## The task:
In the listing that follows, print every line exactly and leave the images out.

## Supplied data:
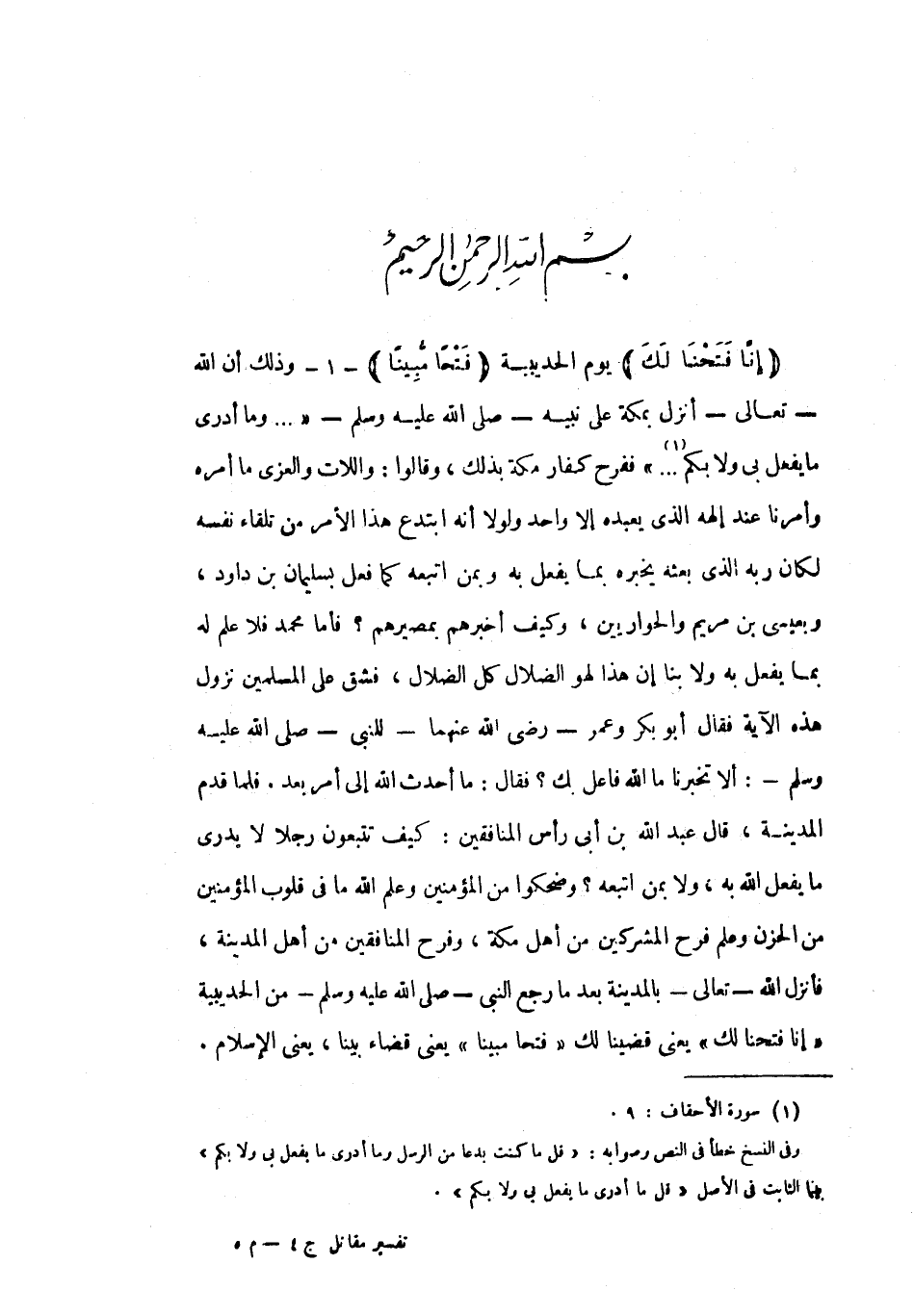 بِسْمِ اللَّهِ الرَّحْمنِ الرَّحِيمِ إِنَّا فَتَحْنا لَكَ يوم الحديبية فَتْحاً مُبِيناً- 1- وذلك أن الله- تعالى- أنزل بمكة على نبيه- صلى الله عليه وسلم- ... وَما أَدْرِي مَا يُفْعَلُ بِي وَلا بِكُمْ ... «1» ففرح كفار مكة بذلك، وقالوا: واللات والعزى ما أمره وأمرنا عند إلهه الذي يعبده إلا واحد ولولا أنه ابتدع هذا الأمر من تلقاء نفسه لكان ربه الذي بعثه يخبره بما يفعل به وبمن اتبعه كما فعل بسليمان بن داود، وبعيسى بن مريم والحواريين، وكيف أخبرهم بمصيرهم؟ فأما محمد فلا علم له بما يفعل به ولا بنا إن هذا لهو الضلال كل الضلال،
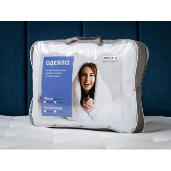 Одеяла упаковываются в сумку из ПВХ и спандбонда. Внутри сумки расположен вкладыш с информацией об одеяле.
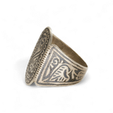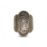 A special cigar band ring from Central Asia. It shows a twisted botanical design, in graphic silver and niello.
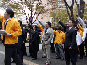 今回は全国各地から50人余りの青年会と学生会の代表が駆けつけた。 メンバーは都庁での示威行動に先立って新宿、渋谷、銀座の目抜きどおり6カ所に分散しビラ約3000枚を道行く都民に配った。ビラは石原知事による一連の「暴言」「妄言」が多文化共生を妨げている事実を指摘、都民に「本当に石原さんでいいんですか?」と訴えかけた内容。
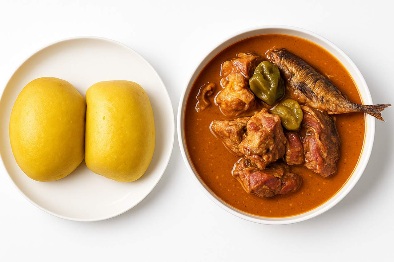 Sauce faite de jus de la graine de palme avec pintade de brousse fumé, pâte de bœuf, viande fraîche de bœuf et un accompagnement de votre choix
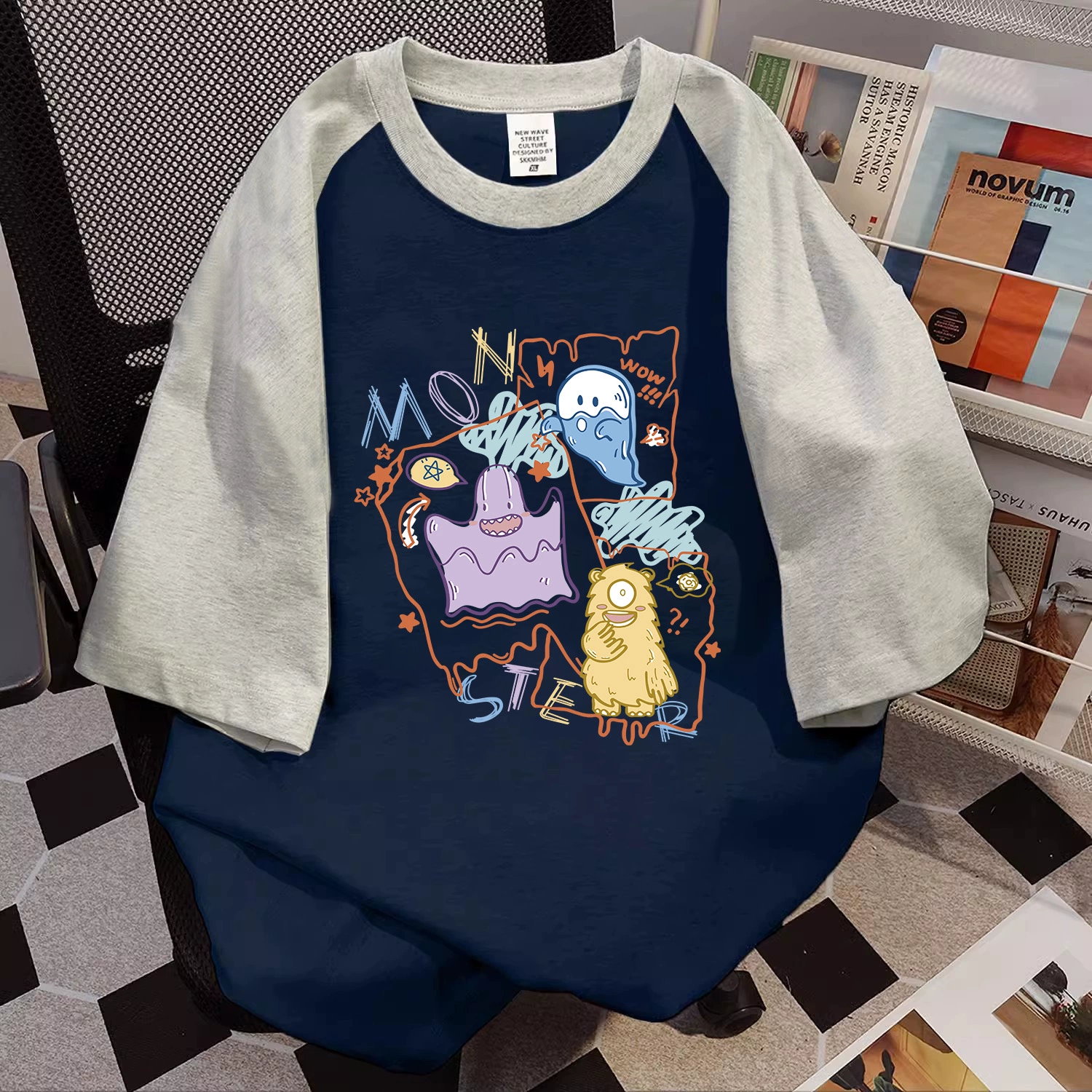 تيشيرت M2 خارجي من الجاكار المجوف برقبة دائرية متعددة الألوان

## Answer to the exercise:
 بِسْمِ اللَّهِ الرَّحْمنِ الرَّحِيمِ إِنَّا فَتَحْنا لَكَ يوم الحديبية فَتْحاً مُبِيناً- 1- وذلك أن الله- تعالى- أنزل بمكة على نبيه- صلى الله عليه وسلم- ... وَما أَدْرِي مَا يُفْعَلُ بِي وَلا بِكُمْ ... «1» ففرح كفار مكة بذلك، وقالوا: واللات والعزى ما أمره وأمرنا عند إلهه الذي يعبده إلا واحد ولولا أنه ابتدع هذا الأمر من تلقاء نفسه لكان ربه الذي بعثه يخبره بما يفعل به وبمن اتبعه كما فعل بسليمان بن داود، وبعيسى بن مريم والحواريين، وكيف أخبرهم بمصيرهم؟ فأما محمد فلا علم له بما يفعل به ولا بنا إن هذا لهو الضلال كل الضلال،
 Одеяла упаковываются в сумку из ПВХ и спандбонда. Внутри сумки расположен вкладыш с информацией об одеяле.
 A special cigar band ring from Central Asia. It shows a twisted botanical design, in graphic silver and niello.
 今回は全国各地から50人余りの青年会と学生会の代表が駆けつけた。 メンバーは都庁での示威行動に先立って新宿、渋谷、銀座の目抜きどおり6カ所に分散しビラ約3000枚を道行く都民に配った。ビラは石原知事による一連の「暴言」「妄言」が多文化共生を妨げている事実を指摘、都民に「本当に石原さんでいいんですか?」と訴えかけた内容。
 Sauce faite de jus de la graine de palme avec pintade de brousse fumé, pâte de bœuf, viande fraîche de bœuf et un accompagnement de votre choix
 تيشيرت M2 خارجي من الجاكار المجوف برقبة دائرية متعددة الألوان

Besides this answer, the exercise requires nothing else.